Work instruction: The reply should hold every record, copied exactly, and none of the pictures.
━━━━━━
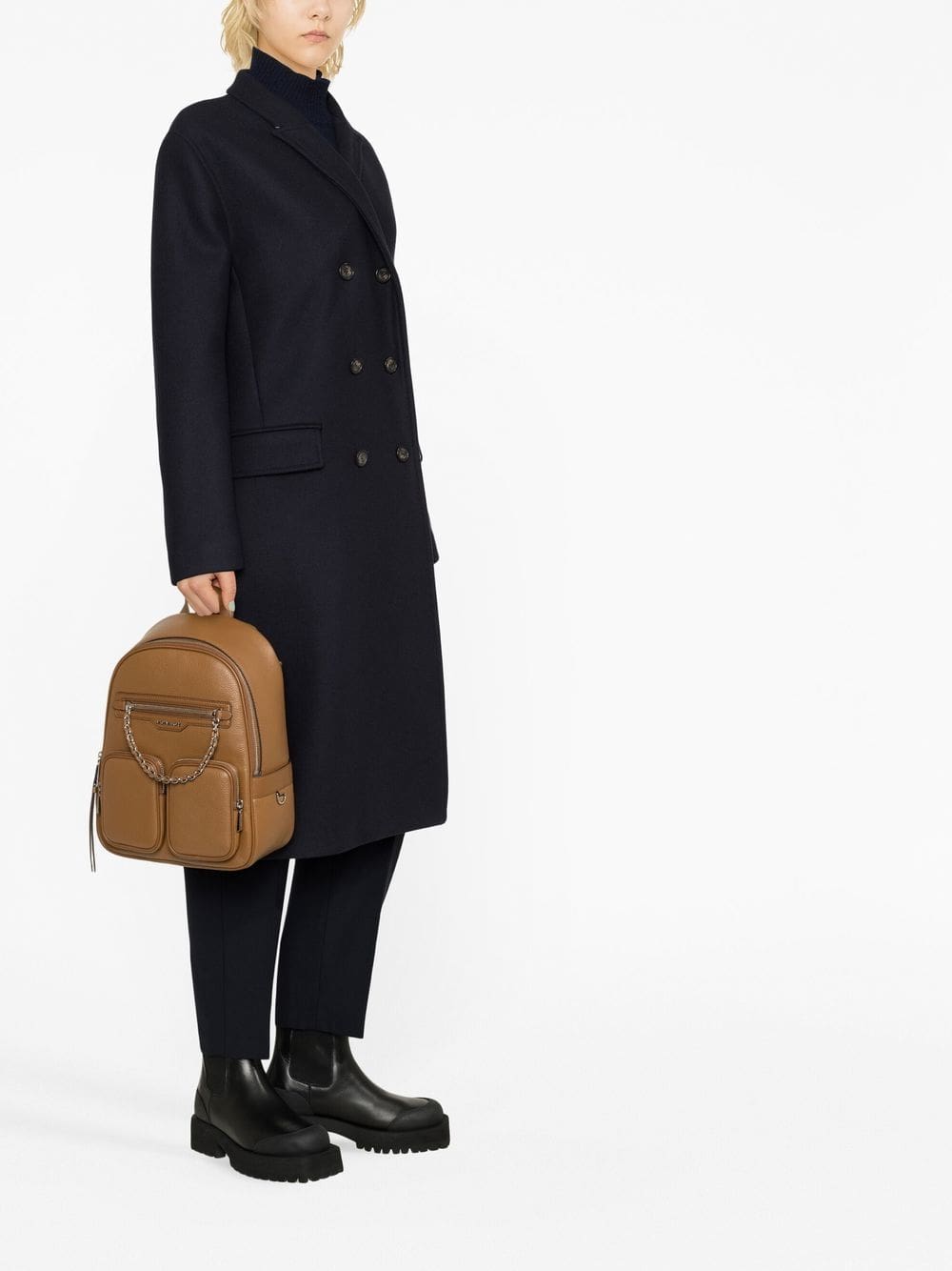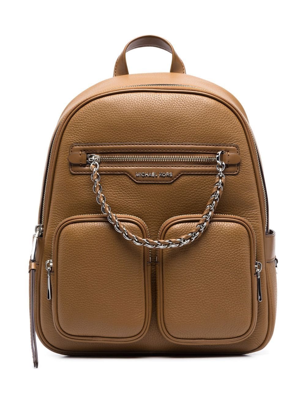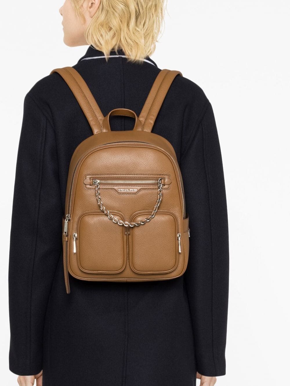 Structured shapes and elevated textures take centre stage at Michael Michael Kors for SS23. Crafted from pebbled leather, this rich brown backpack is decorated with a polished silver-tone logo plaque for a signature branded finish.
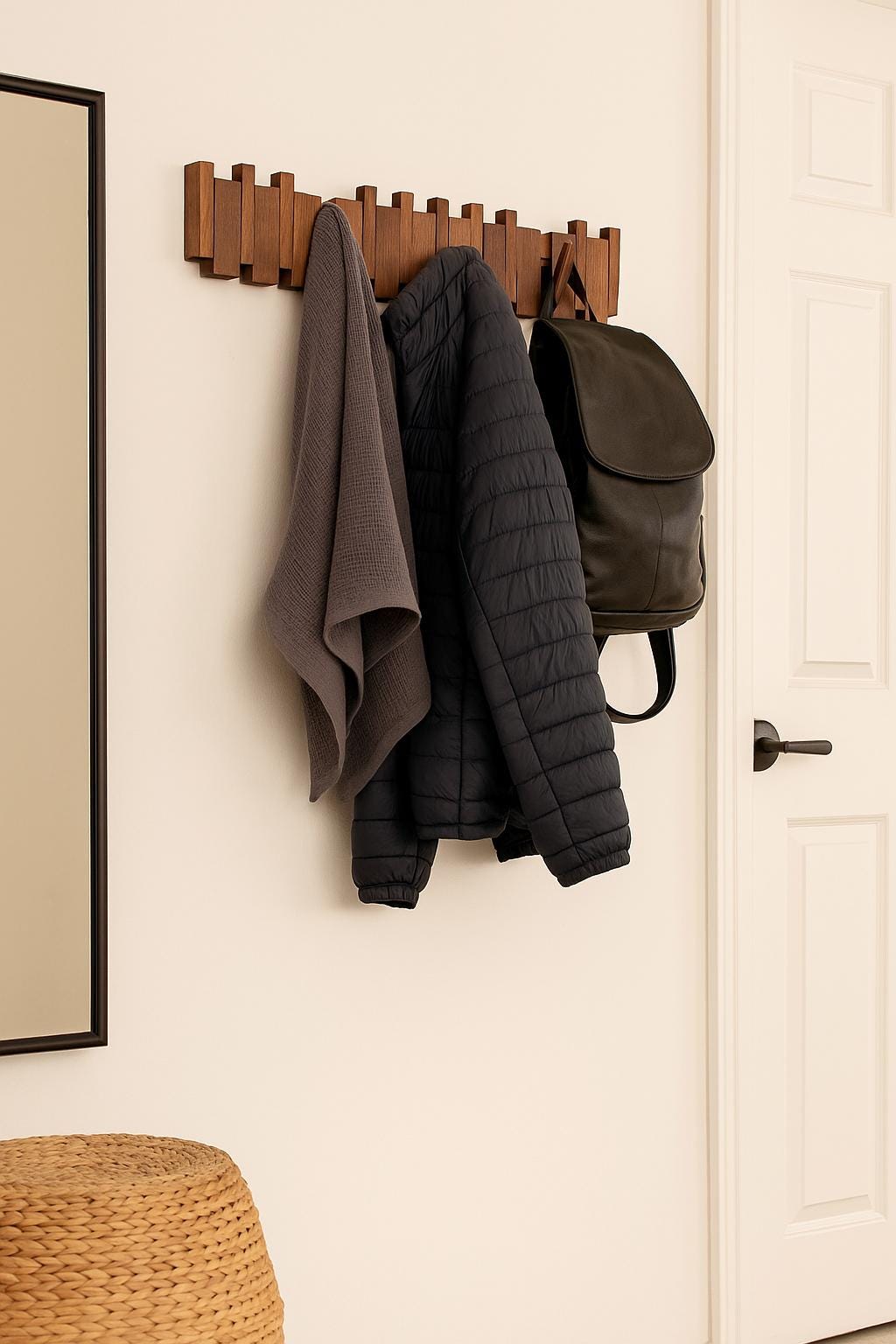Modern Wooden Wall Coat Rack - Foldable Hook Hanger for Entryway, C...
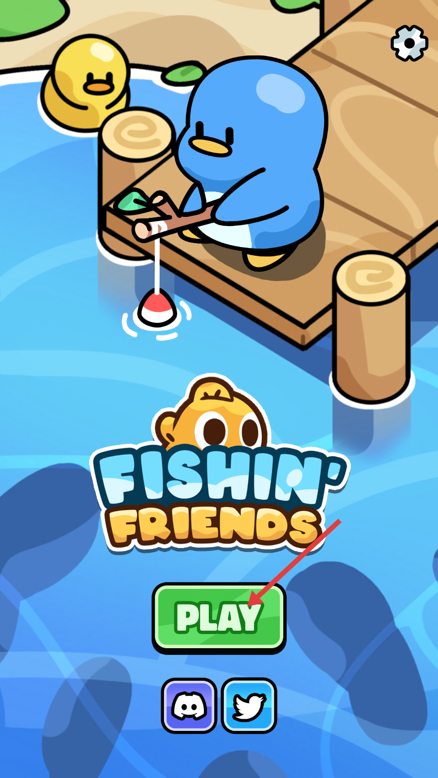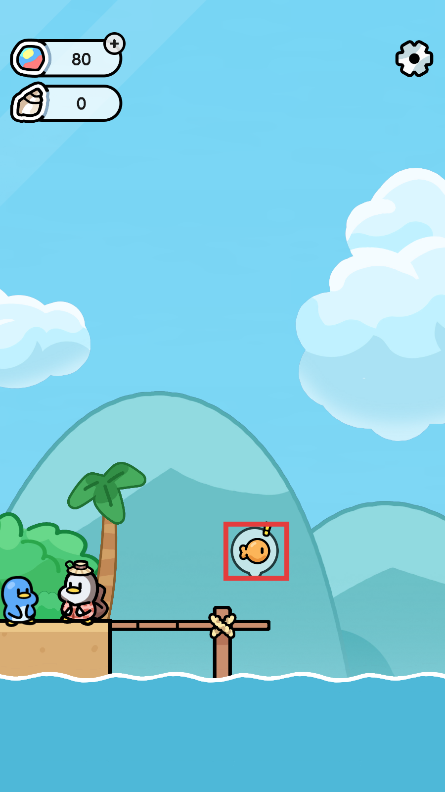 1、点击【PLAY】,操控蓝色企鹅在码头钓鱼。
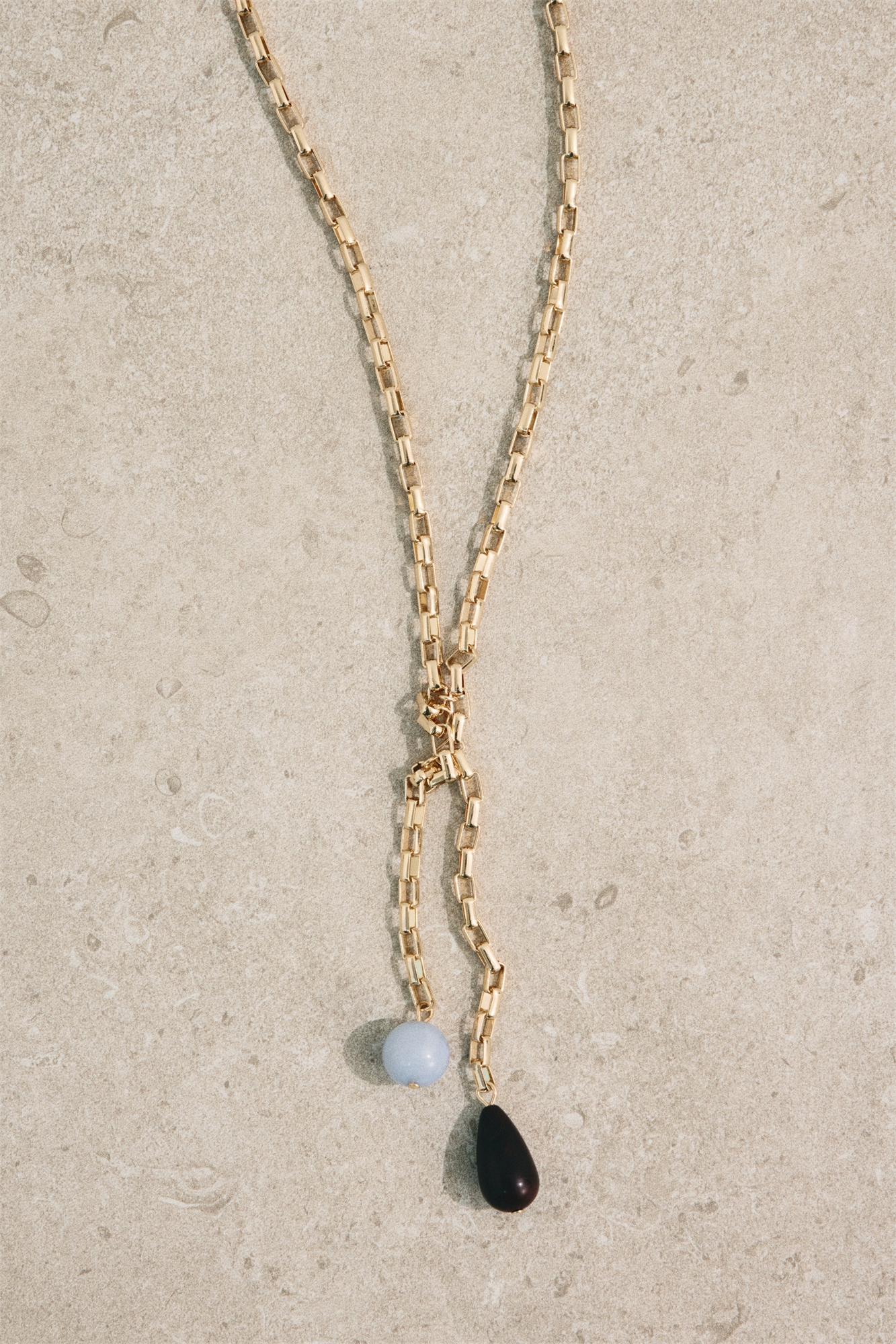 Ожерелье, изготовленное из цепочки типа «бокс», завязанной в узел спереди с концами, заканчивающимися бусинами. Регулируемая длина с застежкой-триггером.
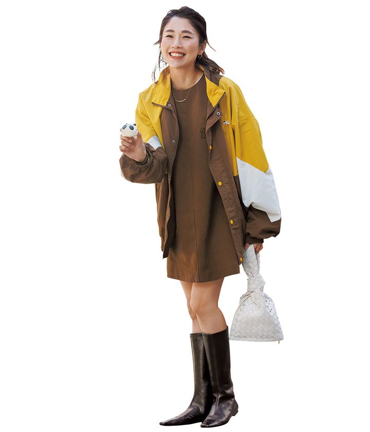 スポーティカジュアルなら 高校生の姪っ子にも大好評♡ 『食べ歩きもするので楽ちんなワンピが主役。ヘアは快活なイメージのゆるいハーフアップに。ブーツもトレンドのブラウンで統一』
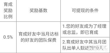 邀请奖励:所有级别的团队长,都可以享有一级团员出单保费的 2% 作为邀请奖励。管理津贴:不同级别的团队长,可以享有团员月保费的 1-5% 作为团队管理津贴。育成奖励:您邀请的好友成为经理或总监,若好友获得当月团队管理津贴,您即可获得该好友团员月保费的 0.5% 作为团队育成奖励,次月月底发放。做保险的我们都知道,想要在保险业长久走下去,除了单打独斗以外,发展团员、提升团队能量也是非常重要的!过去,i 云保一直在努力帮助大家更容易的出单;现在,i 云保除了会继续努力做好这一点以外,还会帮助大家发展团队、帮助大家把团队做得更大更强!
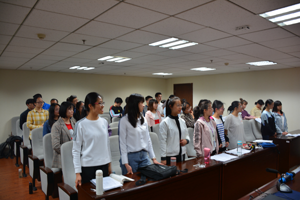 4月29日晚八点四十分,哲社公司爱若合唱团知新楼A1408进行合 唱练。由艺术公司的朱泽愚担任指挥,排练曲目为山东经典传统民歌《沂蒙山歌》。
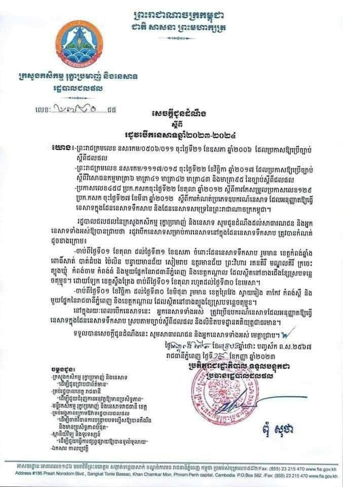 រាជធានីភ្នំពេញ៖ នៅថ្ងៃទី០៣ ខែតុលា ឆ្នាំ២០២៣ យោងតាមការចុះផ្សាយរបស់ រដ្ឋបាលជលផលនៃក្រសួងកសិកម្ម រុក្ខាប្រមាញ់ និងនេសាទ បានចេញសេចក្ដីជូនដំណឹង ស្ដីពីរដូវបើកនេសាទ សម្រាប់ឆ្នាំ២០២៣-២០២៤។
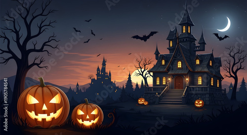 A spooky halloween night with a haunted mansion and glowing pumpkins
━━━━━━
Solution:
 Structured shapes and elevated textures take centre stage at Michael Michael Kors for SS23. Crafted from pebbled leather, this rich brown backpack is decorated with a polished silver-tone logo plaque for a signature branded finish.
Modern Wooden Wall Coat Rack - Foldable Hook Hanger for Entryway, C...
 1、点击【PLAY】,操控蓝色企鹅在码头钓鱼。
 Ожерелье, изготовленное из цепочки типа «бокс», завязанной в узел спереди с концами, заканчивающимися бусинами. Регулируемая длина с застежкой-триггером.
 スポーティカジュアルなら 高校生の姪っ子にも大好評♡ 『食べ歩きもするので楽ちんなワンピが主役。ヘアは快活なイメージのゆるいハーフアップに。ブーツもトレンドのブラウンで統一』
 邀请奖励:所有级别的团队长,都可以享有一级团员出单保费的 2% 作为邀请奖励。管理津贴:不同级别的团队长,可以享有团员月保费的 1-5% 作为团队管理津贴。育成奖励:您邀请的好友成为经理或总监,若好友获得当月团队管理津贴,您即可获得该好友团员月保费的 0.5% 作为团队育成奖励,次月月底发放。做保险的我们都知道,想要在保险业长久走下去,除了单打独斗以外,发展团员、提升团队能量也是非常重要的!过去,i 云保一直在努力帮助大家更容易的出单;现在,i 云保除了会继续努力做好这一点以外,还会帮助大家发展团队、帮助大家把团队做得更大更强!
 4月29日晚八点四十分,哲社公司爱若合唱团知新楼A1408进行合 唱练。由艺术公司的朱泽愚担任指挥,排练曲目为山东经典传统民歌《沂蒙山歌》。
 រាជធានីភ្នំពេញ៖ នៅថ្ងៃទី០៣ ខែតុលា ឆ្នាំ២០២៣ យោងតាមការចុះផ្សាយរបស់ រដ្ឋបាលជលផលនៃក្រសួងកសិកម្ម រុក្ខាប្រមាញ់ និងនេសាទ បានចេញសេចក្ដីជូនដំណឹង ស្ដីពីរដូវបើកនេសាទ សម្រាប់ឆ្នាំ២០២៣-២០២៤។
 A spooky halloween night with a haunted mansion and glowing pumpkins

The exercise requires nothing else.